What had gone wrong?
Valerian Mengsk couldn’t believe what he was seeing. His ships were just … sitting there in space while the vessel with Jacob Ramsey and Rosemary Dahl aboard made a successful jump. They were gone. He’d had them, but now they were gone.
“Raise Stewart!” he snapped. His assistant, Charles Whittier, jumped at his employer’s words.
“I’ve been trying to,” Whittier stammered, his voice pitched even higher than usual in his agitation. “They’re not responding. I can’t raise anyone at the compound either.”
“Did Dahl’s ship manage to emit some kind of electromagnetic pulse?” It was a possibility, but not a likely one; all of Valerian’s ships were well protected against such things happening.
“Possible, I suppose,” Whittier said doubtfully. “Still trying to raise—”
Eight screens came to life at once, with nearly a dozen people talking simultaneously. “Talk to Ethan,” Valerian ordered, leaning down to mute all the other channels. “Find out how it is that he managed to let them slip through his fingers. I’ll talk to Santiago.”
Santiago did not look like he wanted to talk.
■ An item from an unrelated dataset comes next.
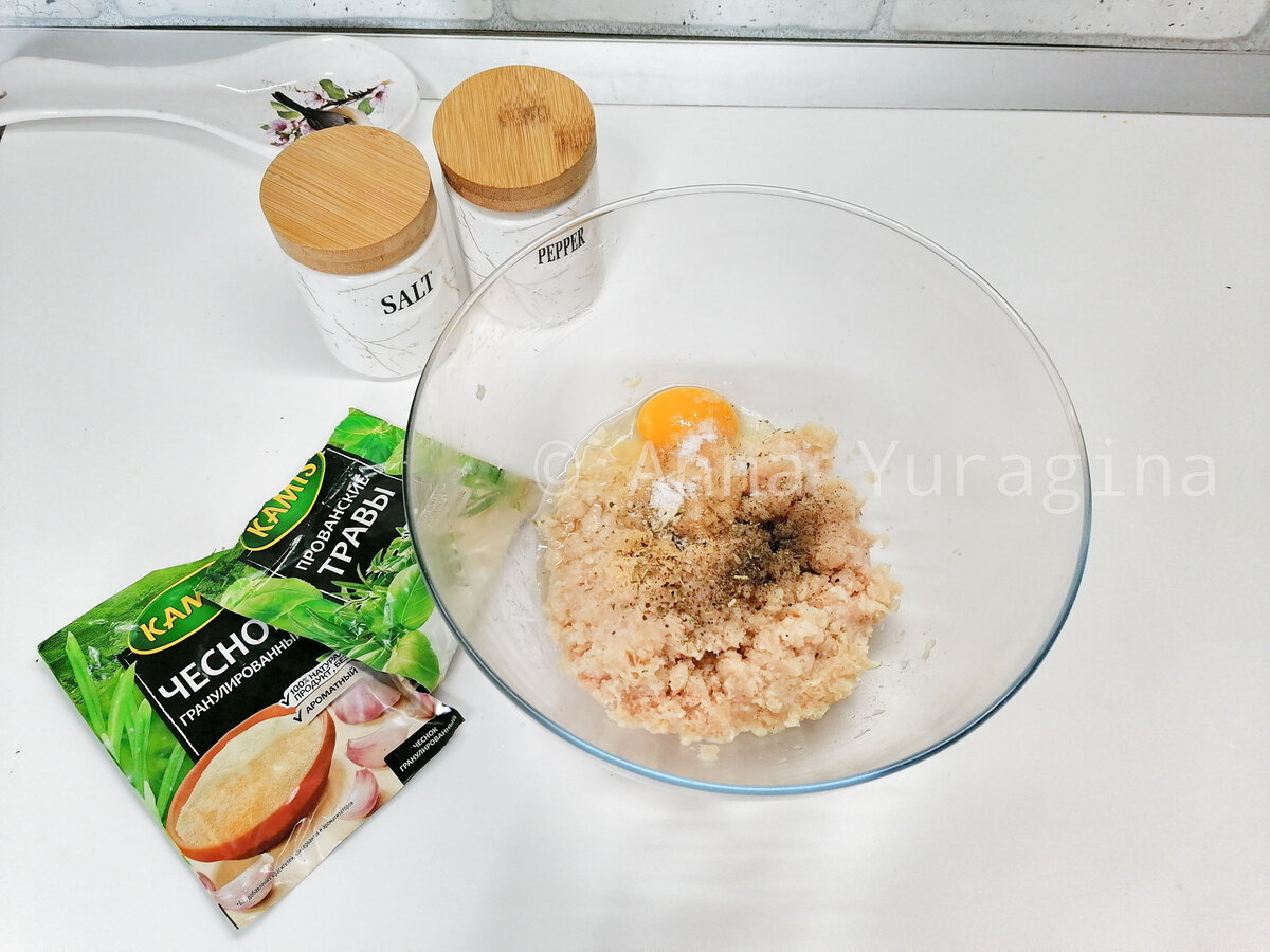 1. В куриный фарш добавить сырое яйцо, соль и специи. Тщательно перемешать и отбить, чтобы фарш стал более однородным.

Valerian would go so far as to say the man looked positively rattled, but the admiral managed to compose himself.
“Sir,” Santiago said, “there was … I’m not sure how to explain it—some kind of psi attack. Ramsey rendered us all completely unable to move until he jumped.”
Valerian frowned, his gray eyes taking in images of the others on the vessel. They all looked shaken in one way or another, but—was that young woman over there smiling?
“Let me speak with Agent Starke,” Valerian said. If somehow Jacob Ramsey and the protoss inside his head had indeed been able to send such an attack against his best and brightest, Devon Starke would know the most about it.